Tomas Bradanovic

Fortuna Favet Fortibus. Filosofía barata, historias, historietas, mecánica, moralejas, chamullos, relatos absurdos, la vida de un vago, cosas de Arica, literatura, música, pornografía, política, física, cocina regional, minas, copete y cosas por el estilo. The awesome, absurd and often bored adventures of our Man of Mistery in Arica, from the trenches, in the Northern Front. Sacar a mil, sacar a mil. Streams of brilliance often springs from boredom. Atendido por su propio dueño, dentre nomás

¿Cambia el poder a las personas?

lunes, 7 de septiembre de 2015


En mi -más o menos larga- vida, he visto muchas veces que cuando mejor lo paso es con amigos que están cesantes. Son más simpáticos, se toman las cosas con filosofía y me mandan un mail cada fin de semana para que nos juntemos a tomar un trago y comentar las últimas desgracias que nos están pasando. Es más o menos común que cuando un tipo se queda cesante la mujer lo deja, no tiene nada que hacer ni con quien juntarse, pero siempre hay un amigo a mano dispuesto a invitar una cerveza, o por último pagarla a medias. Ese soy yo.

Pero basta con que consigan un trabajo y empiecen a ganar plata, entonces no les vuelvo a ver. ni la nariz. Muchos de los amigos que no veo durante años aparecen apenas quedan cesantes. Y no estoy hablando de un solo caso, son montones. La mayoría de las personas se enfurecen con esto y dicen que "no son amigos de verdad". Creo que están equivocados, probablemente ellos harían exactamente lo mismo.Sin ir más lejos yo he hecho algo así a veces, si soy tan buen amigo es porque paso años cesante y me sobra el tiempo para juntarme con mis amigos papanatas.

También hay otra clase de amigos que cuando les va bien y tienen plata me invitan para alimentar su ego, mostrándome como gracias a su gran inteligencia han conseguido mucho más que yo y me tapan de sarcasmos pasados los primeros tragos. Esos tampoco me molestan, aprovecho de tomar y comer a sus expensas pensando que estoy haciendo una especie de servicio social al afirmarles su debilitado ego, no tengo problemas en fingir humildad aunque por dentro me muero de la risa. A veces una broma muy desagradable puede colmar mi paciencia, pero en general lo tomo con humor y buena cara. Me divierto y lo paso bien con ellos e igual los aprecio.

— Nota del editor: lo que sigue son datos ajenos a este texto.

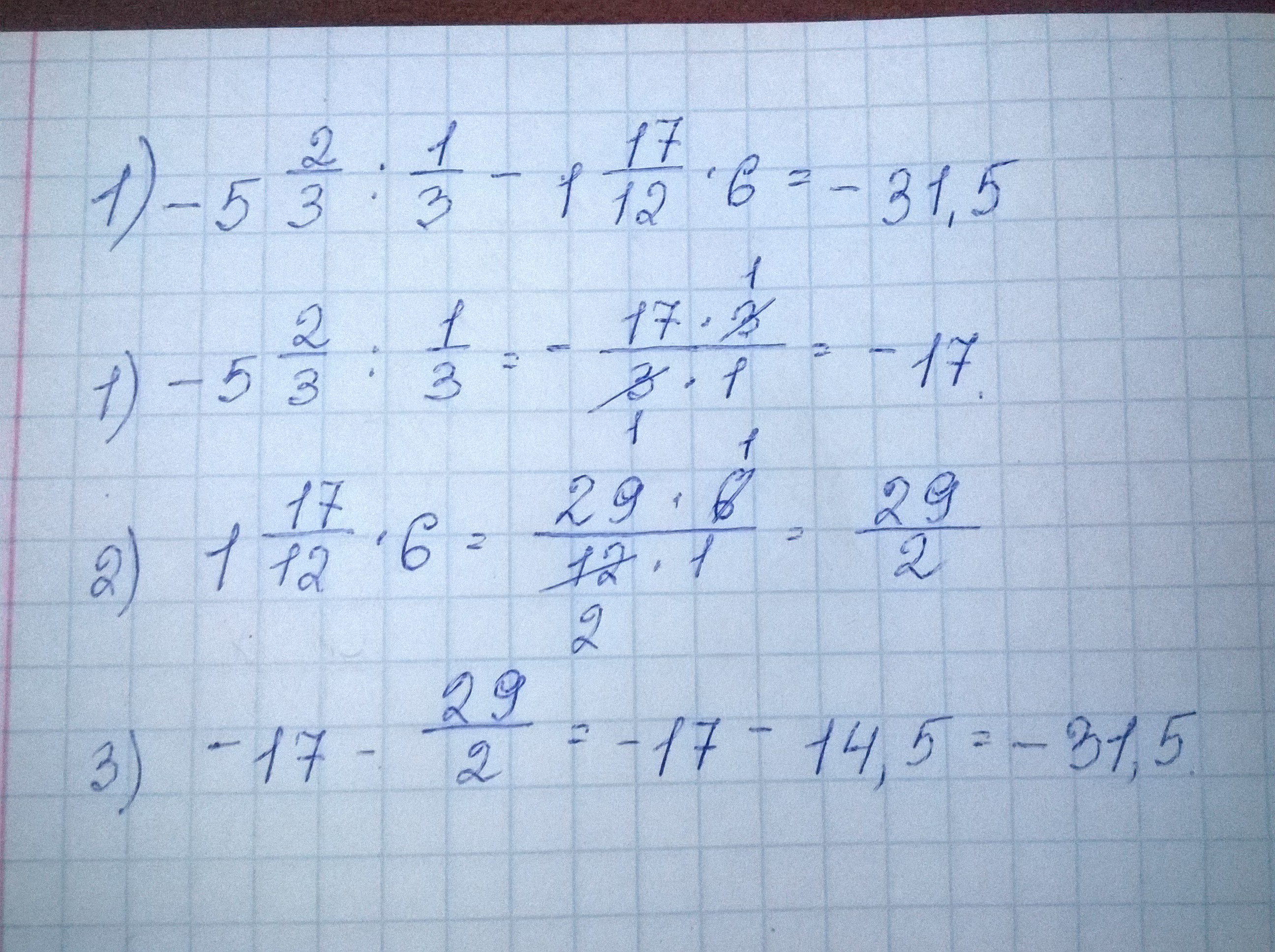 1.-5 2/3 : 1/3 - 1 17/12 * 6 =

No entiendo a la gente que busca amigos perfectos. Muchos de mis mejores amigos son bastante sinverguenzas, tengo que andar con la espalda  la pared con ellos porque al primer descuido... Otros son piojos resucitados o tienen muchas características que encuentro despreciables en el resto de las personas, pero no me producen ningún problema en mis amigos. Aunque me gusta hacer y recibir favores, no creo que eso tenga nada que ver con la amistad.

También hay un par de casos raros, como uno que conocí cuando era vendedor ambulante y hoy tiene sus buenos milloncitos de dólares, bien guardados sin haber cambiado un pelo. Resulta que este es exactamente la misma persona que antes y aunque no somos íntimos siempre aprendo alguna cosa conversando con él. Ni por nada en el mundo se me ocurriría pedirle un favor o proponerle un negocio, los amigos millonarios son los menos indicados para eso porque -como dijo Bill Gates- no se hicieron ricos firmando cheques por nada.

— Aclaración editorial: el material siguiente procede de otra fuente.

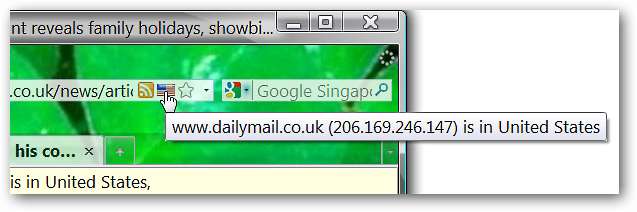 Perhatikan apa yang terjadi setelah mengarahkan mouse ke simbol bendera kecil. Sekarang kita dapat melihat alamat situs web, alamat IP, dan negara tempat server situs web berada. Sedikit informasi yang sangat bagus!

En fin, yo no discrimino para nada al elegir mis amigos, soy muy poco selectivo. Si me siento bien tomando una cerveza y conversando con él, ya lo considero un amigo, con eso me basta y sobra. Bueno, pensando en eso y especialmente en la gente que adquiere dinero y poder muy rápido es que se me ocurrió la entrada de hoy lunes ¿Cambia el poder a las personas?. Abraham Lincoln escribió "cualquier hombre puede manejarse para soportar la adversidad, pero si quieres pesar su carácter, dále poder".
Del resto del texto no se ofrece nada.